Kidwithnoeyes
En matière de premières parties, on a parfois la sensation que la « star » de la soirée fait sa B. A., façon petit don annuel aux Restos du Cœur pour se donner bonne conscience… Certes, le cadeau est empoisonné : l’aspirant artiste (ou vedette) doit rallier à sa cause un public généralement froid, si ce n’est carrément goujat. Et en fin de soirée, après quelque beuverie spleenesque, le bougre risque fort de remiser guitare et perfecto pour le restant de ses jours… Mais parfois, l’élu est bon, même très bon. Moment béni, satisfaction de voir grandir sur scène un « vrai », un « pur »… illumination !
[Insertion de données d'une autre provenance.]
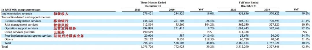 交易運(yùn)營(yíng)收入則是除完成平臺(tái)建設(shè)外,還繼續(xù)為客戶提供技術(shù)支持和運(yùn)營(yíng)服務(wù),具體包括——移動(dòng)銀行、智能風(fēng)控、運(yùn)營(yíng)支持服務(wù)、初裝后持服務(wù)業(yè)務(wù),以及云服務(wù)。

Concert de Yael Naim, le 28 janvier dernier à la Cigale. J’attends avec impatience l’arrivée de cette pétillante brune, dont la présence scénique m’avait déjà époustouflée en 2008. Une vraie grâce et surtout l’amour fou de la musique qu’elle partage avec David Donatien, sa bande de musiciens et le public. Je suis venue pour elle, rien que pour elle et, comme chacun le sait, les dernières minutes sont toujours les plus insoutenables… Quand arrive kidwithnoeyes (Clément Verzi, compositeur et chanteur, accompagné de son guitariste, tandis que le parolier Ryan Le Garrec reste dans l’ombre), je continue bassement la conversation entamée avec mon amie de collège, façon « bavardage dans le dos du prof ». Deux lycéennes roucoulantes nous font les gros yeux… On s’interrompt bon gré mal gré, en pouffant pour la forme.
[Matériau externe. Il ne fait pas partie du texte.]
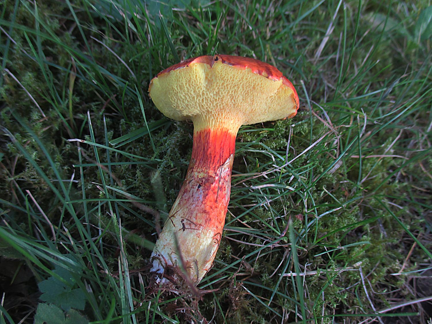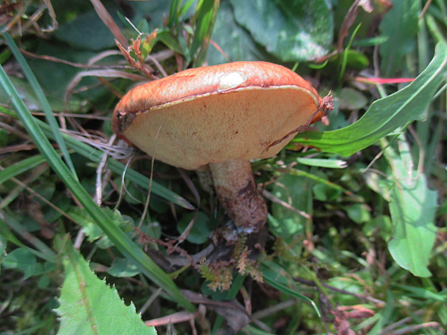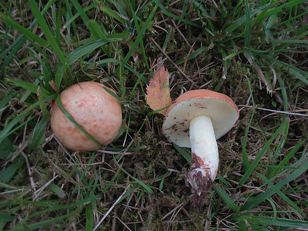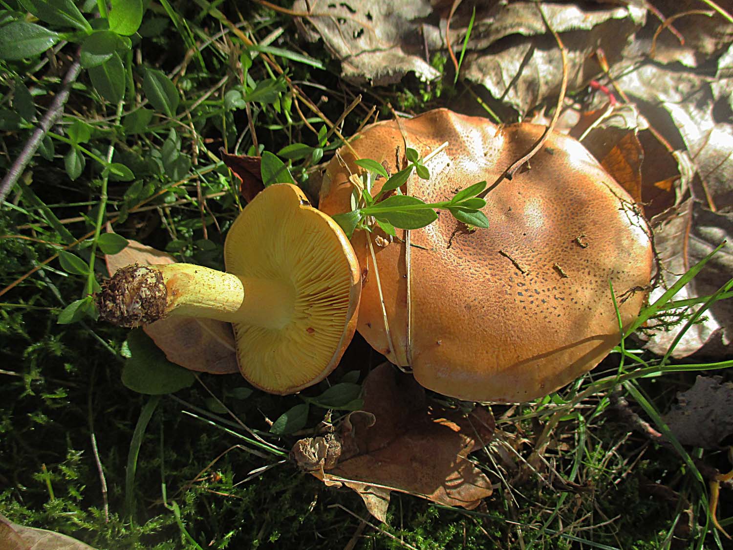 Unter einzelnen Kiefern ließen sich Körnchenröhrlinge (Suillus granulatus), Butterpilze (Suillus luteus), Gemeine Erdritterlinge (Tricholoma terreum) und unter einer Lärche ein ungewöhlich gefärbter Goldröhrling (Suillus grevillei) blicken.

Rien de nouveau sous le soleil, me dis-je d’abord. Le chanteur a sûrement beaucoup écouté Jeff Buckley et Rufus Wainwright, peut-être un peu Mercury Rev et Hawksley Workman (période songwriter romantique). Sa voix prend des teintes californiennes, c’est sympa mais ça casse pas trois pattes à un canard et ma copine était justement en train de me raconter un potin « pavé dans la mare » avant qu’on ne soit interrompues…
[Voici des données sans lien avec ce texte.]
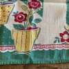 Charming vintage screenprint kitchen towel features potted flowers in yellow and red against a green and white background and dates to the 1950s.

Et puis le charme opère, tout doucement, parce que j’arrête de vouloir à tout prix le trouver nul, parce que lui trouve peu à peu sa place et sa voix (comme Colin Firth dans Le Discours d’un roi, tiens) et parce que les textes – qu’il interprète avec émotion et ce petit supplément d’âme si précieux – racontent un peu de nos vies à tous. Beaucoup de chansons en anglais, mais lorsqu’il s’exprime dans la langue de Molière, il rembourre la mélodie d’une VRAIE mélancolie qui fait souvent défaut à la scène française, bien trop premier degré à mon goût. Entre deux prestations, il nous narre son aventure, commencée il y a deux ans alors qu’il est veilleur de nuit dans un hôtel et qu’un copain l’inonde de textes. Voix chevrotante, yeux baissés… si sa maladresse n’est pas une posture, on a envie de lui injecter un peu d’assurance et de lui dire que sa musique a des tripes. Non, en fait on a envie de lui dire merci. Applaudissements du public… conquis.
Kidwithnoeyes sera en concert lors du Festival d’Amiens, le 2 avril au Centre Léo Lagrange d’Amiens.